- [Requirement]
Look through the records, and wherever the string "with" turns up, copy out that line.

- [Material provided]
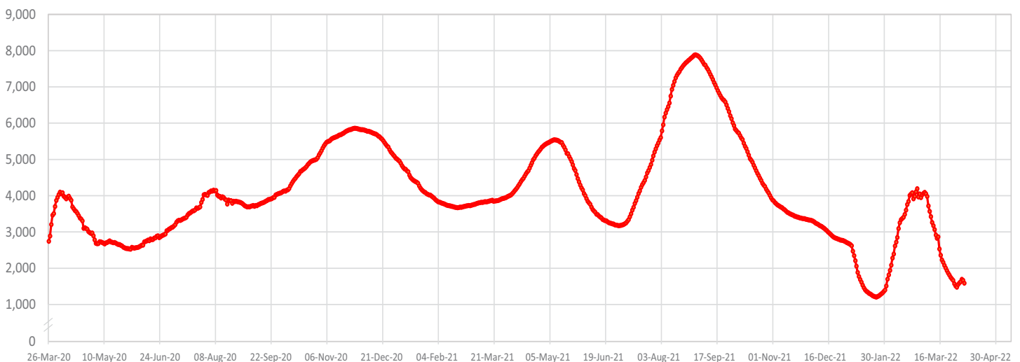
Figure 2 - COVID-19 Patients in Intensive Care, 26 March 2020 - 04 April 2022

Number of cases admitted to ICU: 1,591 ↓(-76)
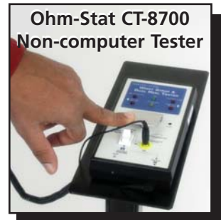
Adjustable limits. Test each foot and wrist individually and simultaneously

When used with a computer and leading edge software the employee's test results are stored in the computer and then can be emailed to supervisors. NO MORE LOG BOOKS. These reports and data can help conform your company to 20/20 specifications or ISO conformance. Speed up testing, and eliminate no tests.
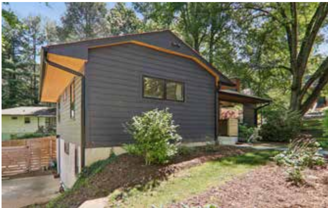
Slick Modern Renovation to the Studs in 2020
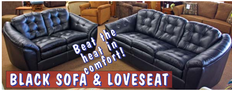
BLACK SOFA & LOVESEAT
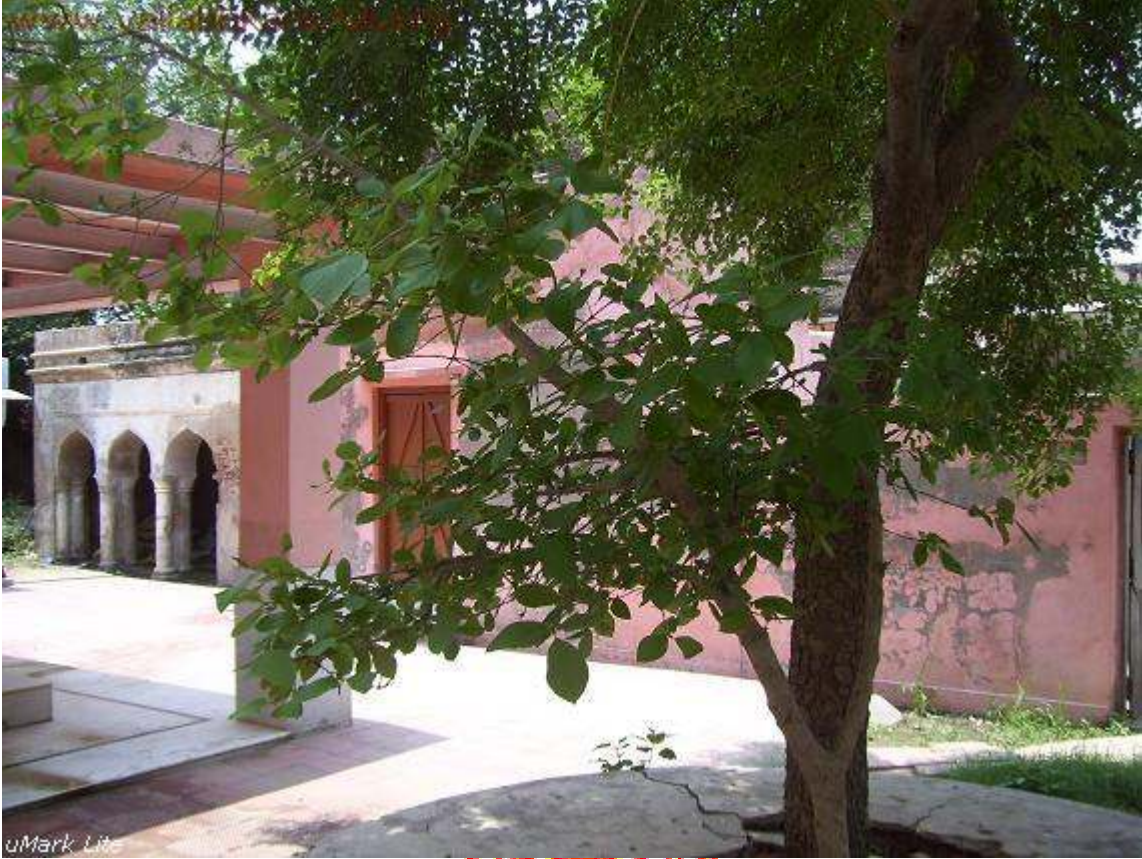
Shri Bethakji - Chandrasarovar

==

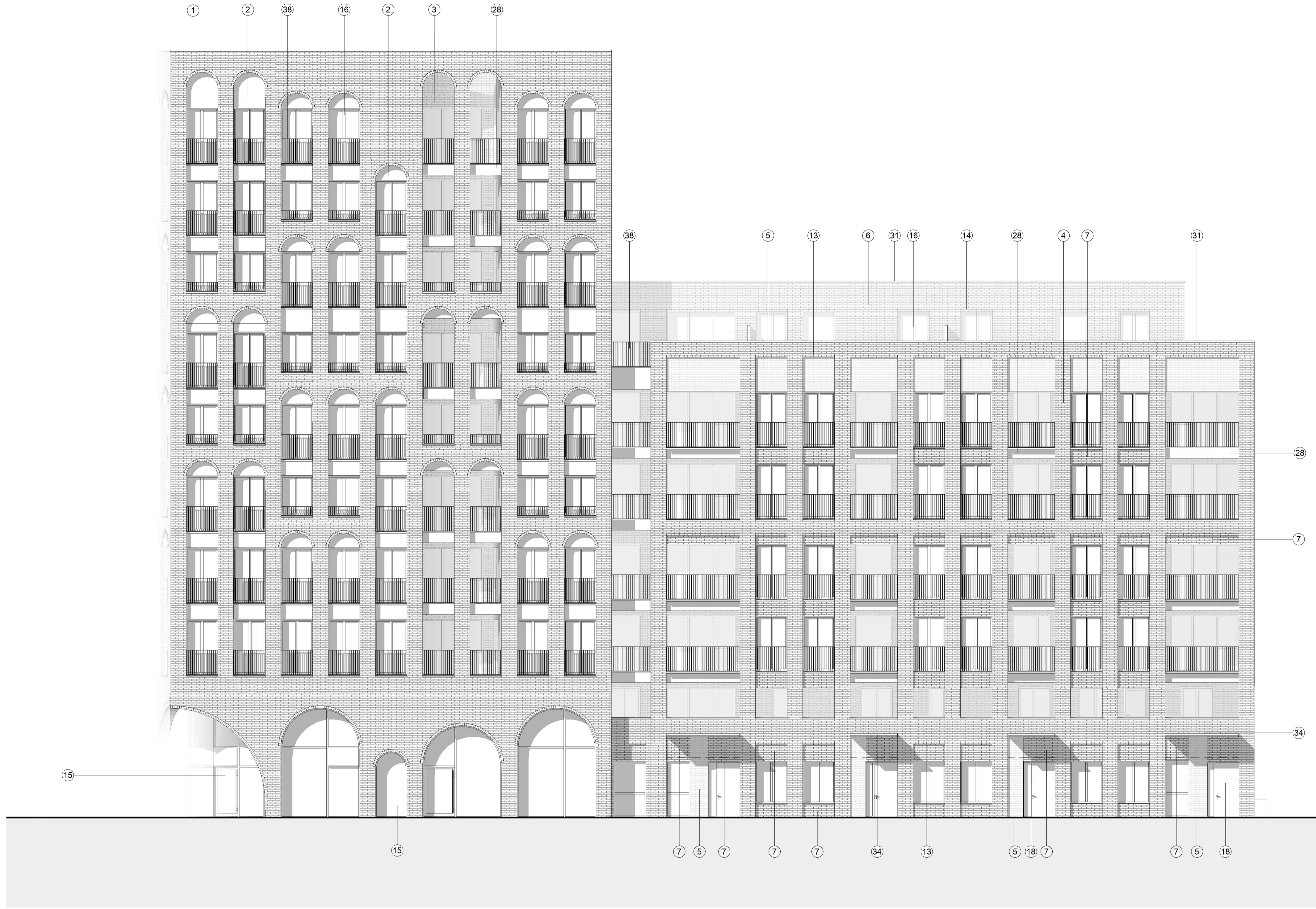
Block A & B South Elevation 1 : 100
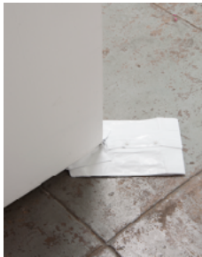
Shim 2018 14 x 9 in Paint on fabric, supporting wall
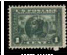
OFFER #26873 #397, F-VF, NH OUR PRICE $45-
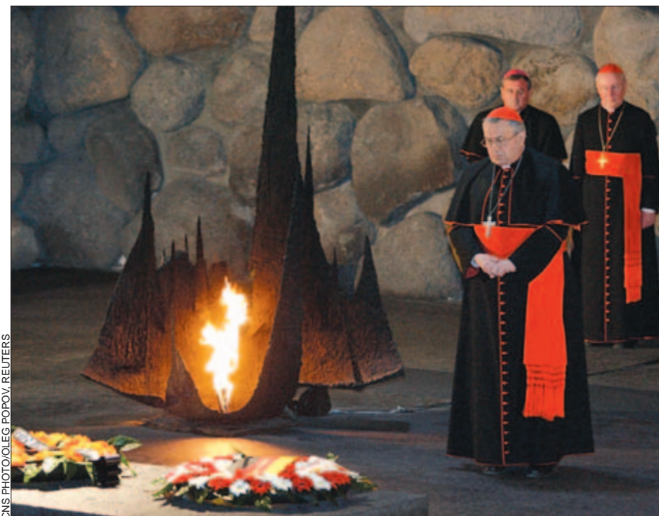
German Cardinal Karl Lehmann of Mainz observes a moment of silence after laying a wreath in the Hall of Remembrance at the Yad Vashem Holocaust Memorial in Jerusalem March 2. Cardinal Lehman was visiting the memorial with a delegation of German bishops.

- [Solution for this problem]
When used with a computer and leading edge software the employee's test results are stored in the computer and then can be emailed to supervisors. NO MORE LOG BOOKS. These reports and data can help conform your company to 20/20 specifications or ISO conformance. Speed up testing, and eliminate no tests.
German Cardinal Karl Lehmann of Mainz observes a moment of silence after laying a wreath in the Hall of Remembrance at the Yad Vashem Holocaust Memorial in Jerusalem March 2. Cardinal Lehman was visiting the memorial with a delegation of German bishops.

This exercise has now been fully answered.